書評:南アフリカの土地改革

『アフリカNOW』86号(2009年11月30日発行)掲載

佐藤 千鶴子 著
日本経済評論社、2009年1月20日 第1刷発行、
横組、本文252ページ、定価 :3,800円+税、
ISBN:978-4-8188-2038-8

評者:尾関 葉子
おぜき ようこ:1994年のAJFの設立時から1998年度まで初代事務局長。2001年にDADA(アフリカと日本の開発のための対話プロジェクト)を設立。相互自立を目指してアフリカと日本とで活動をしている。 http://dada-africa.jp/


アフリカに関わる者であれば、アフリカは一つの国ではなく大陸であり、サブサハラだけでも48の国があるという説明をした経験があるだろう。隣の国であっても、異なる歴史と自然環境があり、私も自分が関心を持つ国以外のことはよく知らないというのが現実である。そんな当たり前のことを書いたのは、佐藤千鶴子さんが今年の初めに出版した『南アフリカの土地改革』を読んだからである。アフリカの国として内外に最も知られている国の一つである南アフリカには、多くのアフリカ関係者が感じているように「アフリカらしからぬ」点が多い。ジンバブウェに関わるひねくれた評者などは、つい隣の大国に対して「南アフリカはアフリカじゃないから」という言葉を発したくなったりするのである。
しかし、その違いが「人類史における汚点」と評されるアパルトヘイトの歴史ゆえであることは誰もが理解しているし、本書を読めばアパルトヘイトという制度の巧妙さ、罪深さを再認識することになるだろう。

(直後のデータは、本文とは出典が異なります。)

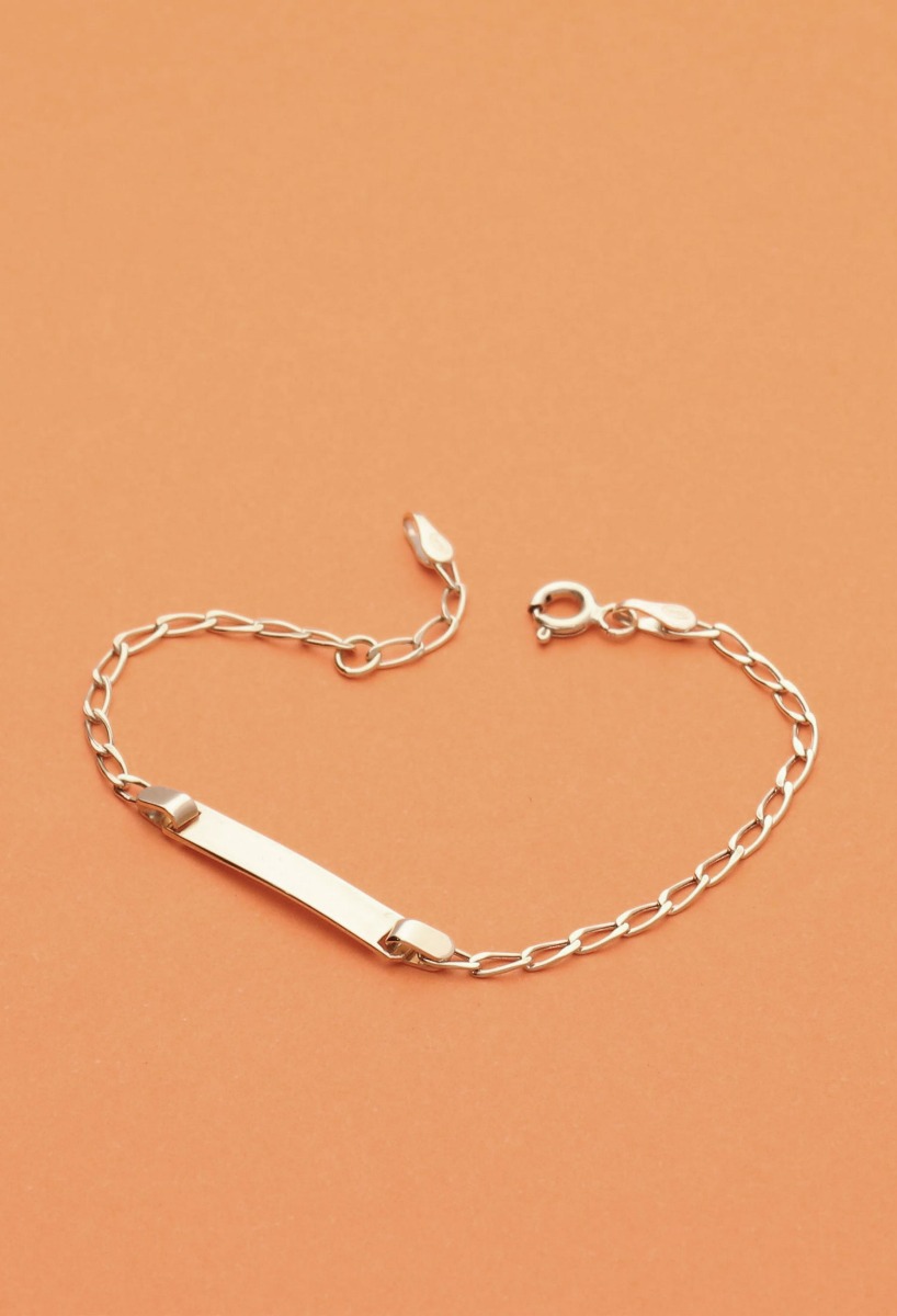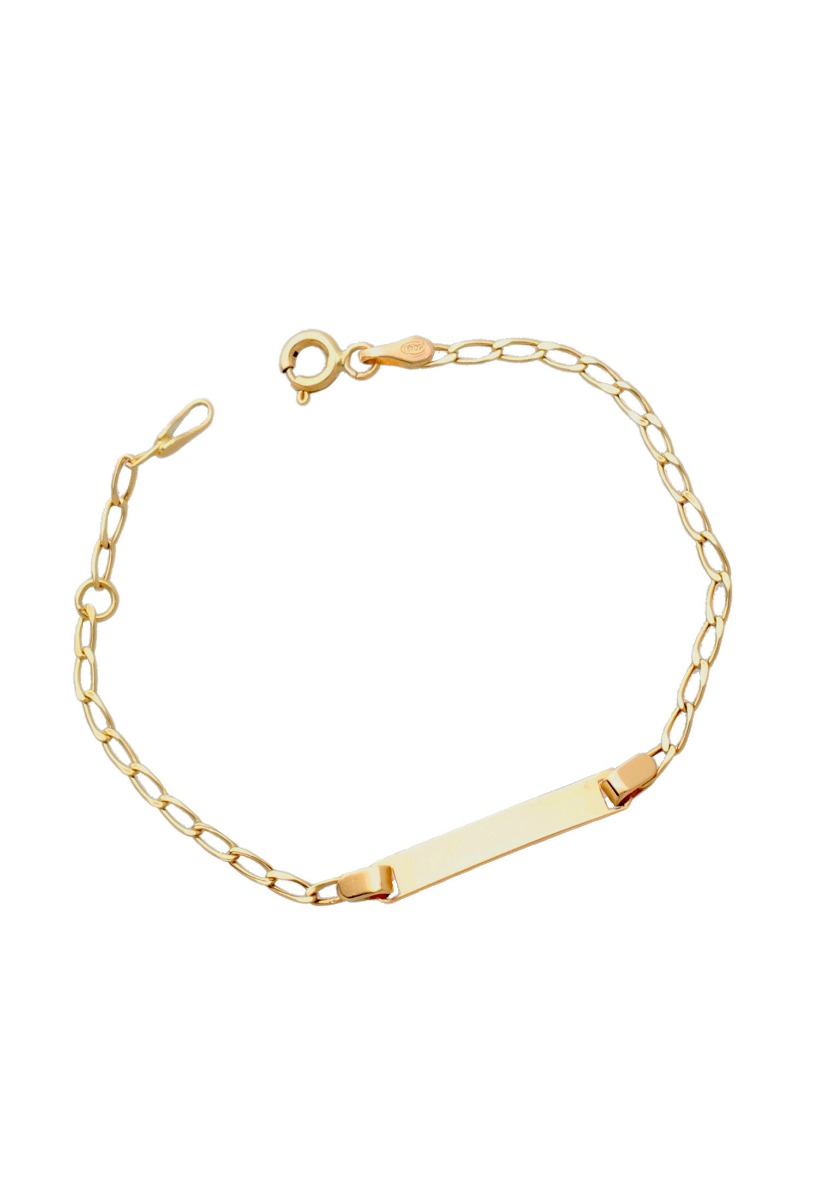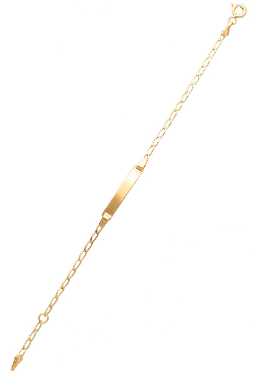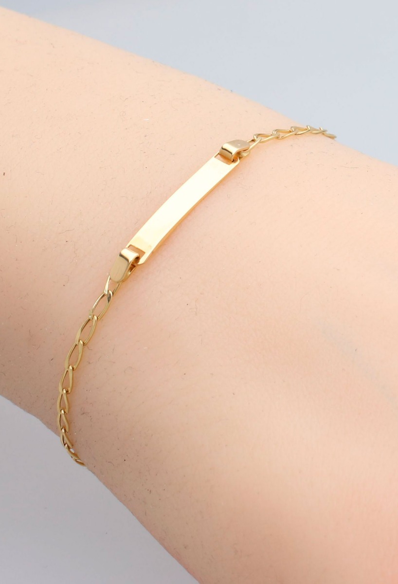 Pulsera de bebé realizada con oro amarillo 18 kilates tipo esclava (pulseras con chapa para grabar) cadena de eslabones barbados alargados con cierre de reasa, esta pulsera lleva un asa redonda a 4 eslabones de uno de los extremos para poder tener dos alternativas de largo, de esta forma la pulsera podrá utilizarla el niño o la niña durante años antes de que le quede pequeña y luego pasara a ser uno de los recuerdos más bonitos de su nacimiento o bautizo.

さらに、読み進んでいくうちに、実は、アパルトヘイト制度を支えた政策もこの制度を廃止した政策も、すべてはある経済観念から生まれているということに、読者は気づくであろう。
217ページに渡る本書は、佐藤千鶴子さんが2000年に立命館大学に提出した博士論文「南アフリカにおける土地改革と農村開発の展望」が元になっている。その後の8年間で変わった南アフリカの土地改革政策や初期の改革で土地を得た農村コミュニティの変化など、部分的に刊行されたものも加えて一部を再構成し、加筆されて今回出版された。研究史における農村の捉え方に始まり、歴史の概要、土地改革政策の背景と分析、改革が実施された地域の事例を通じて、土地改革は人種和解と黒人の貧困絶滅に貢献しているのか、そして改革を推進または阻止する要因は何かを洗い出そうとしたのが本書である。
しかし、土地改革と言ってもひと言では片付かない。南アフリカのように特殊な歴史を持つ国においては、「土地改革」「農村」「農民」といった見慣れた言葉一つひとつにまで注釈をつけなければこの国の複雑さは見えてこない。本書では、何度も繰り返し「南アフリカの二重構造」やそれぞれの構造の中の複雑な分断が説明される。
「土地改革」に関して、1994年発表のRDP(復興開発計画)で、「最初の5年以内に土地改革を通じて30%の農地を黒人に再配分する」(pp.3)ことが約束されたことは多くの人が記憶に刻んでいることと思うが、その中身には3本の柱があり、貧しい者に対する土地を配分する土地再配分事業、強制移住などで土地を奪われた者に対する土地返還事業、そして現在居住していたり保有していたりする土地に対する既得権益を法的に保護する保有権改革事業に分かれている。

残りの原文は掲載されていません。